Lo abracé tan fuerte que mis dedos se clavaron en su espalda.
Era como si fuera a desaparecer si lo soltaba.
Él se inclinó y enterró su rostro en mi cuello.
Sentí sus lágrimas caer sobre mi clavícula.
Nunca antes lo había visto llorar.
—Bebé, mi amor, por favor perdóname.
Te amo tanto.
Por favor dime que todavía me amas profundamente.
Nuestras frentes ahora estaban presionadas una contra la otra mientras murmuraba con lágrimas en los ojos.
Pero no podía responderle.
Mis emociones me habían conquistado.
Solo seguía llorando como una niña.
Después de darme algunos besos más, sentí que retrocedía un poco y nuestra conexión seguía siendo fuerte.
Se agachó y acercó su rostro a mi vientre abultado antes de comenzar a besarlo.
Cada vez que lo hacía, el niño en mi vientre respondía con una patadita.

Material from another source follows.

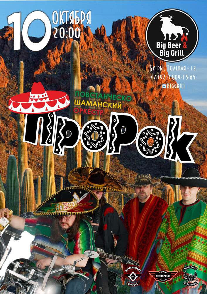 В ближайшую пятницу, 10.10.25, кактус-рокеры из П.Ш.О ПроРок) играют миниэлектрику а севере Петербурга, в Буграх, в ресторане Big Beеr & Big Grill ( Бугры, Полевая-12). Сбор в 20:00, начало выступления в 21:00. Вход свободный. Приходите греться и отжЫгать под ай-йа-йай и ой-йо-йой. :))

Me cubrí los ojos con las manos y me mordí los labios con fuerza, tratando de no llorar en voz alta.
Coloqué mi mano en su hombro y él presionó su rostro contra mi estómago.
Todavía estaba llorando y sabía que podía sentir la respuesta de nuestro hijo hacia él.
Permanecimos así por un rato.
Para cuando se puso de pie nuevamente, Susanna había eliminado mi disfraz.
Vi la parte de mí misma que extrañaba en los ojos oscuros y claros de Edward.
No estoy diciendo que Mona no fuera genial, pero me gustaba más la versión rubia y de ojos azules de mí misma.
Llevé a Edward al sofá de la sala porque había estado de pie durante tanto tiempo y sentía una punzada en el pie.
Entonces escuché girar el pomo de la puerta en la sala de estar.